Ich bin 35, geschieden und hab zwei Töchter, 5 und 7.
Nun lernte ich vor einem halben Jahr einen ganz tollen Mann kennen.
Er ist 30 und war bislang reiner Junggeselle (also zwar auch mehrjährige Beziehungen, aber noch nie mit einer Frau zusammen gewohnt geschweige denn den Wunsch nach Familie gehabt).
Das große Verliebt sein fiel bei uns aus. Ich vermute, wir sind beide recht nüchtern an die Sache Beziehung ran gegangen aus Eigenschutz.
Dennoch verband uns von Angang an eine ganz große Vertrautheit und so eine gewisse Magie (kann ich schlecht berschreiben), es bildeten sich sehr schnell Liebesgefühle und nach wenigen Wochen wurden wir ein Paar.
Seit ca drei Monaten kennen ihn auch meine Kinder und mögen ihn.
Er ist sehr weltoffen, intelligent, humorvoll, zärtlich, ehrgeizig und einsatzbereit.
Ich kann mit ihm über alles reden und er ist wie ein Fels in der Brandung für mich.
Soweit so gut...

Es gibt jedoch etwas, was mich immer wieder verwirrt.
Zunächst weiß er noch immer nicht, ob er überhaupt (eigene) Kinder und eine Familie generell will. (Ich bin zwar mit zwei Kindern zufrieden, bin jedoch offen, was das Leben noch so bringt).
Es ist für ihm absolut neu, so ein Alltag mit Kindern. Das merkt man in vielerlei Hinsicht auch, manchmal hab ich den Eindruck ein drittes Kind mit ihm zu haben...
Nun gut, sowas kann man lernen. Nur wenn er eines Tages für sich entscheidet, er will keine Familie, dann wars das ja für uns...

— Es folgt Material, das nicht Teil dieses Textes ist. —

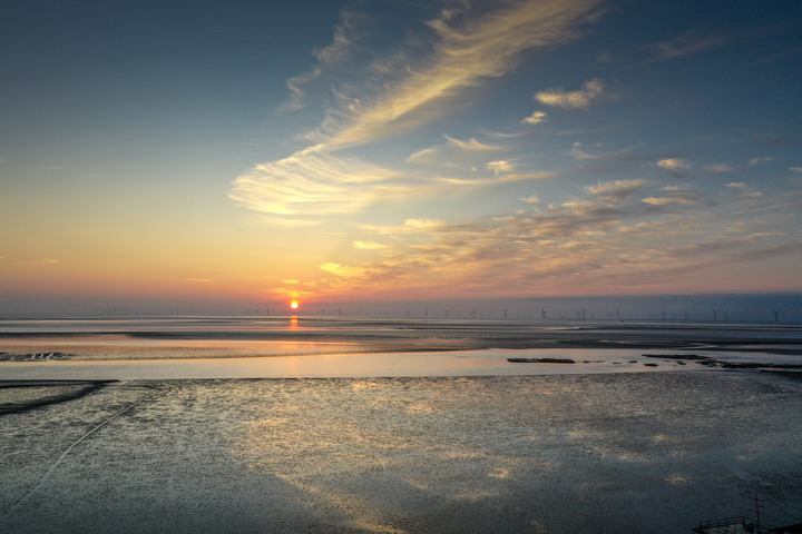 盐城东台条子泥湿地日出景象(2022年11月9日摄,无人机照片)。新华社记者 杨磊 摄

Und dann hat er Bindungsangst.
Er weiß dies und arbeitet auch mit therapeutischer Hilfe und Rathebern daran, das aufzulösen.
Er will definitiv eine Beziehung, er will, dass es mit uns klappt.
Doch je fester und ernster unsere Beziehung wird, desto härter stößt er mich leider immer wieder von sich.
Diese Doppelbotschaften - "Ich liebe dich und will dich, aber komm mir nicht zu nahe, ich will ja doch lieber allein sein" werfen mich emotional immer wieder um. Ich bin da sehr sensibel. Immer wieder fühle ich mich da sehr verletzt durch seine unbewusst abweisende und abwertende Art. Ihn trifft es dann ebenfalls, weil er das nicht beabsichtigt.
Deshalb nehmen die Reibungen zwischen uns auch immer mehr zu, vieles ist nur noch anstrengend. Weil wir nur noch damit beschäftigt sind, Reibereien zwischen uns wieder gut zu machen.
Es ist sehr harte Arbeit, die Beziehung aufrecht zu halten.

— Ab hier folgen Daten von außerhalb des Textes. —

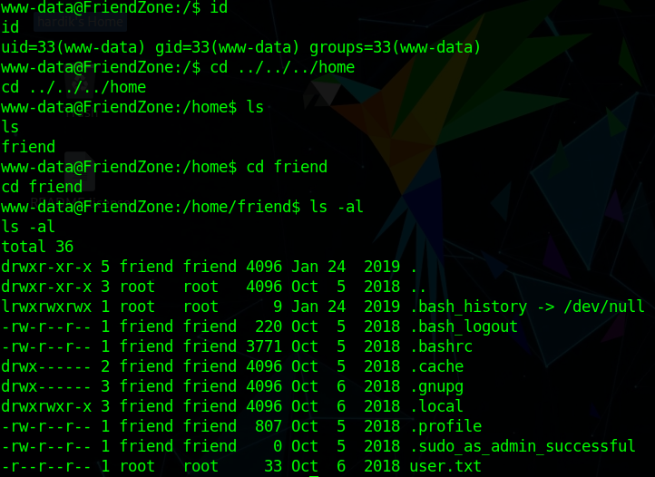 we can see that we are only www-data user and we can’t read user.txt now.

Immer wieder frage ich mich, ob sich das Durchhalten lohnt?
Und wenn ich dann aber merke, wie sehr er sich auch bemüht und an sich arbeiten will, so wie ich auch bereit bin zu mir und meinen Schwächen hinzuschauen, dann denke ich mir - diesen Mann will ich nicht hergeben!

Wir gehen so unromantisch nüchtern und strategisch an diese Beziehung, wir wachsen an einander, wir lieben einander.
Seit wir uns kennengelernt haben sehen wir uns fast jeden Tag und verbringen auch immer mehr Nächte miteinander.
Nach mehr als einen Tag einander nicht sehen vermissen wir uns schon total.
So unterschiedlich wir auf der einen Seite sind (total klischeehaft typisch Mann, typisch Frau), so gleich sind wir in unseren Lebenseinstellungen und allgemeinen Lebenszielen.
Unsere Familien und Freunden kennen und mögen einander mittlerweile auch schon.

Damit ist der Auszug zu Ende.